Siento admiración por quienes luchan día a día por recortar poder a su ego y viven desde la Sabiduría interior que los guía y aconseja. Es maravilloso vivir según la naturaleza de lo que somos y dejar de alimentar el personaje que montamos muchas veces para vivir. Seguir la Voz que habla en nuestra conciencia es una de las acciones más bellas y loables. Debemos aprender a vivir como nos enseña la naturaleza: de adentro hacia afuera y aceptar que, para crecer y progresar, debemos hundir las raíces en la tierra de la humildad y la aceptación de los propios límites.

En la meditación aprendemos a desapegarnos de las etiquetas con las que nos identificamos o disfrazamos. Sentarse a meditar en silencio y soledad es disponerse interiormente a estar con lo que somos, a ser en Él, a estar con quien es el principio y fundamento de nuestra existencia. Ser en Él o estar ante Él convierte la oración no en algo que se hace sino en algo que se es. Al ser ante Dios estamos en oración. Este es el anhelo más profundo de todo ser humano: ser. Por eso no nos parecerá extraño escuchar el reclamo de muchas personas diciendo: «¡déjame ser!». El problema de creer que nuestra identidad está en lo que dicen los demás o en lo que hacemos es confundir nuestra esencia con los “accidentes”. Es equivocado creer que somos lo que hacemos o tenemos, o lo que los demás dicen de nosotros. Si creemos esa mentira viviremos de manera vertiginosa y con una avidez tal por conseguir u obtener lo que imaginamos nos hará importantes, que nos alejaremos cada vez más de nuestro verdadero ser. Necesitamos volver a nuestro eje, a ese centro vital que da razón de nuestra existencia; en definitiva, a Dios.

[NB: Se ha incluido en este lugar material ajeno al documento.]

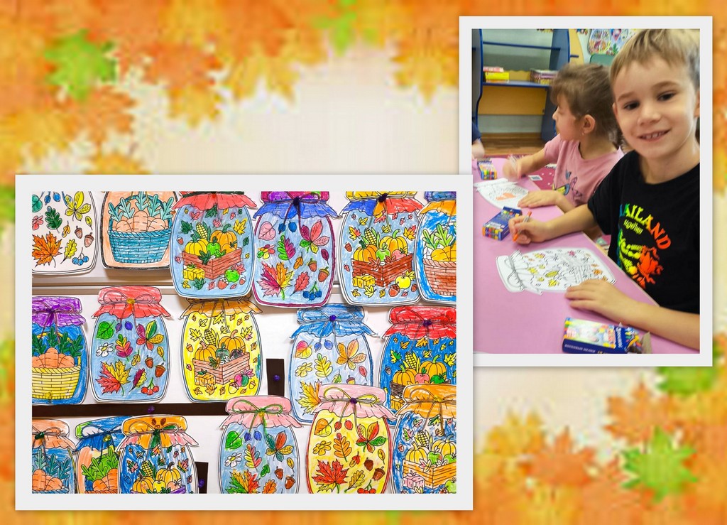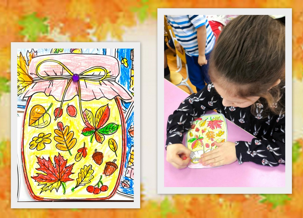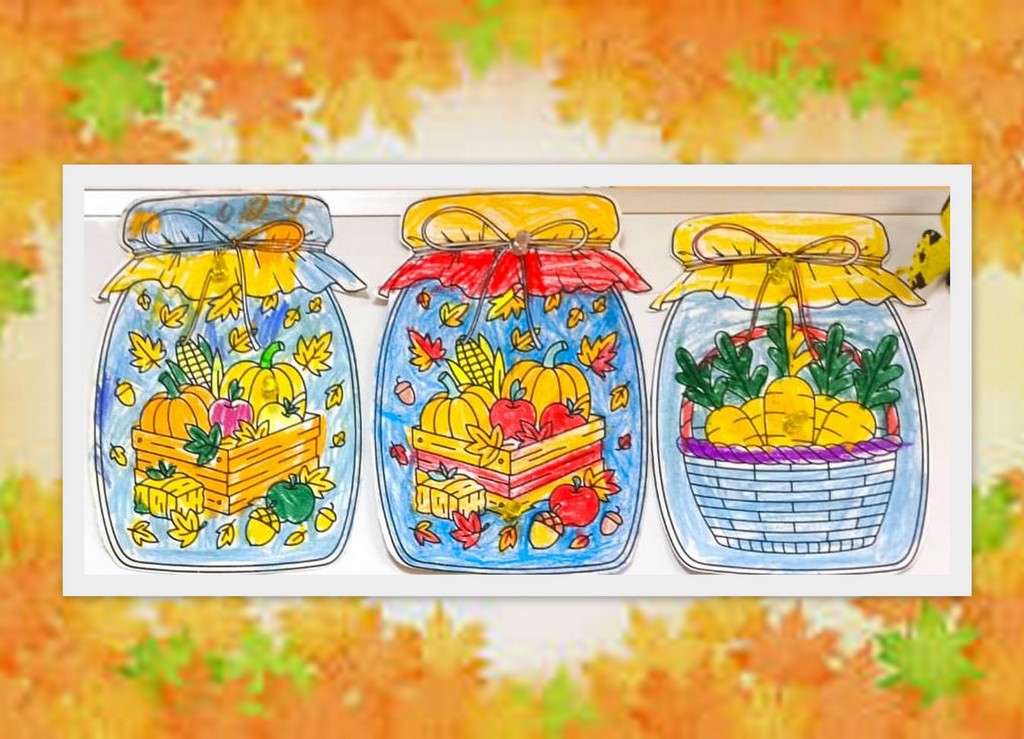 Яркие листья, вкусные тыквы, алые ягоды шиповника и причудливые жёлуди — всё это великолепие дети бережно "собрали" в банки, раскрасив дары природы яркими красками.

La meditación es el camino hacia el encuentro personal con Dios al que debemos recurrir sin pretensiones ni expectativas. Vamos a la meditación a estar con Él, a ser en Él, a nutrirnos de la fuente de vida que nos regaló el ser. Dios no viene a nuestro encuentro cuando “hacemos” oración, sino que estamos conscientes de Él cuando permanecemos en oración.